Мой член вбивается в нее, когда ее щеки краснеют, а бархатные стенки обхватывают меня, сопротивляясь. Ее ногти царапают мне спину, боль обжигает мое тело, заставляя меня на полсекунды отпустить цепочку, но я не прекращаю задевать ее матку.
Я вгоняю свой член все сильнее и сильнее, пока она не бьется в конвульсиях вокруг меня, как дикое животное, ее стон первобытный и очищающий.
Когда последние спазмы ее оргазма затихают, я выхожу из нее. Она растягивается на кафеле, ее тело мокрое от пота, ноги залиты спермой. У меня адски болит спина, она наверное расцарапала меня.
Но я держу свой член в кулаке, трахая себя, пока она обретает самообладание. Ее майка все еще задрана над сиськами, каждый бугорок плоти свисает в сторону, ее коричневые соски все еще торчат и краснеют.
Ее юбка болтается на бедрах, как свободный пояс, прикрывая это татуированное произведение искусства.

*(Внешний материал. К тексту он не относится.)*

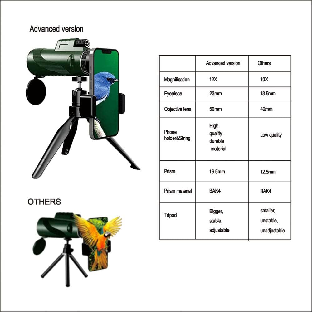 ✅ما تم تحديثه من منظار BrilliantHouse أحادي: تلسكوب أحادي العين من BrilliantHouse مجهز بتكبير 12X50، وعدسة عينية 23 مم، وعدسة موضوعية 50 مم، وعدسة منشورية 16.5 مم، ويأتي مع حامل ثلاثي أكبر وثابت وقابل للتعديل وحامل هاتف/خيط من مادة متينة عالية الجودة وحقيبة حمل متينة. طَرد. العناصر الأخرى في AMZ مجهزة فقط بتكبير 10X42، وعدسة عينية 18.5 مم، وعدسة موضوعية 42 مم، وعدسة منشورية 12.5 مم، وتأتي مع حامل ثلاثي القوائم أصغر وغير مستقر وغير قابل للتعديل وحامل/سلسلة هاتف من مواد منخفضة الجودة.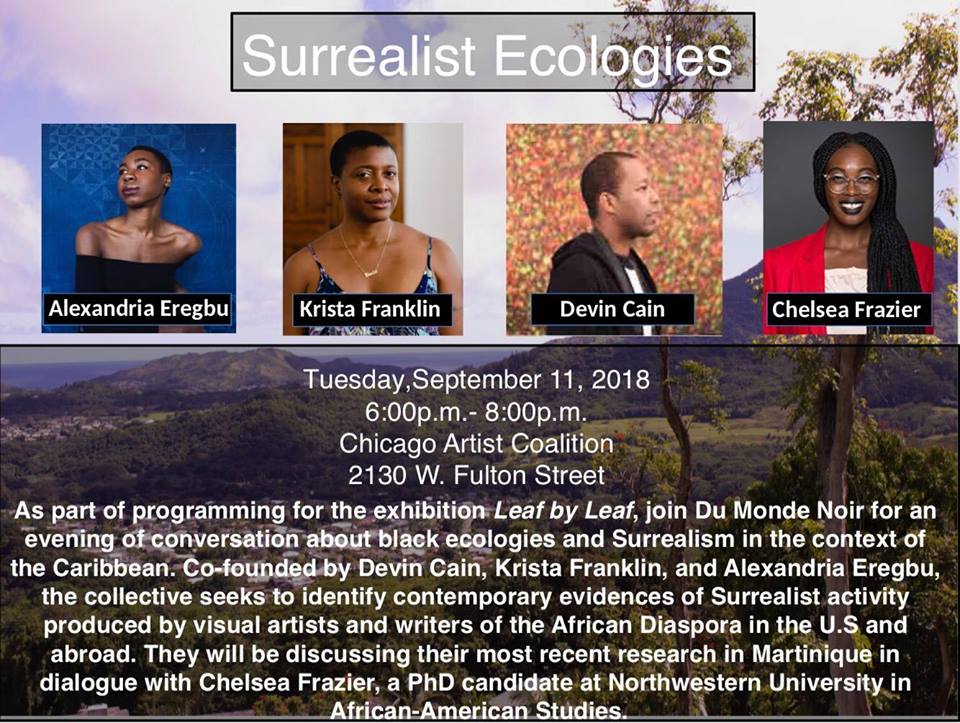 Tags: Alexandria Eregbu, Chelsea Frazier, Chicago, Chicago Artists' Coalition, Devin Cain, Du Monde Noir, Illinois, India Martin, Krista Franklin, Leaf by Leaf, near west side, Sabrina E. Greig, Surrealist Ecologies, Whit Forrester, Yasmin Spiro

Слабая фиолетовая полоса пересекает ее шею. Синяк от удушающей цепочки, моего ожерелья для нее. Кровь лопнувшего капилляр окрашивает ее глаз — вероятно, он лопнул от напряжения, вызванного цепью — удавкой, — и кровоточит, как красный фейерверк, в белке ее глаза, совпадая с родимыми пятнами у меня.
На заживление уйдет несколько недель, но потом оно исчезнет, как будто его никогда и не было. Но все равно, мой член наполняется кровью, когда я знаю, что она ни от кого не сможет скрыть эту отметину.
Она пытается сесть, но терпит поражение. Усталость одолевает ее, и это заставляет меня кончить. Мой член пульсирует, и я позволяю каждой капле упасть на ее кожу и одежду, отмечая ее, заявляя на нее права своей спермой.
Истощен. Готовый к оргазму. А какой это дикий кайф. Ее зеленые глаза моргают, глядя на меня, затуманенные и тяжелые.
Она устала, и, видя ее в таком состоянии, мне снова хочется разбудить ее своим членом. Она прекрасна. Капля пота или крови стекает по моей спине. Я игнорирую это и опускаюсь на колени, убирая волосы с ее глаз, смазывая ее каплей своей спермы.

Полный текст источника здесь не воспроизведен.